→ WHAT IS EXPECTED:
Could you give back exactly the lines below from the one with "Таким образом, реализация" through the one with "7/8-Hose aus geripptem", without a single picture?

→ ENTRIES SHOWN:
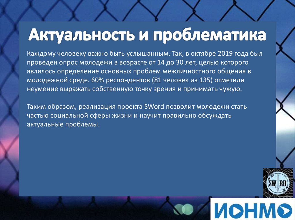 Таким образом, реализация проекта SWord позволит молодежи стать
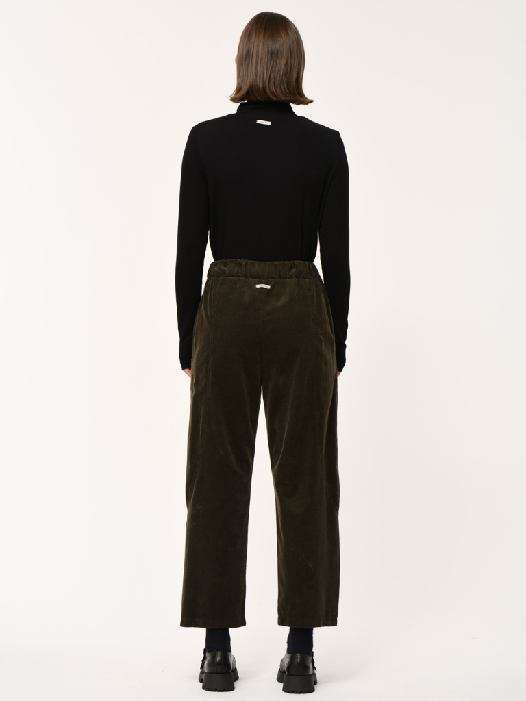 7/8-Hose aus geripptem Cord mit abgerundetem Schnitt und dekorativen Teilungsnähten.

* * *

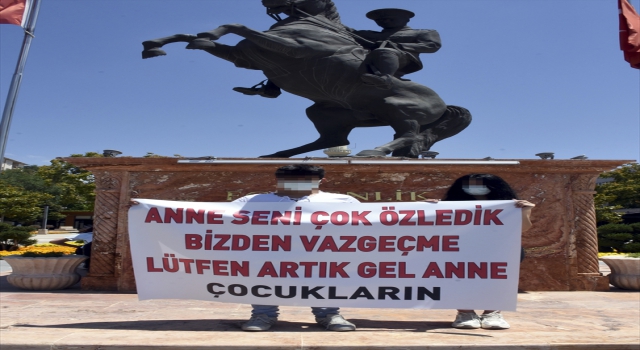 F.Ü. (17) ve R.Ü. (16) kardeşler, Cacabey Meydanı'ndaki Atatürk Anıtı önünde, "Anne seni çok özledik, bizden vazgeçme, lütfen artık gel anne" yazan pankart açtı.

→ EXERCISE RESPONSE:
 Таким образом, реализация проекта SWord позволит молодежи стать
 7/8-Hose aus geripptem Cord mit abgerundetem Schnitt und dekorativen Teilungsnähten.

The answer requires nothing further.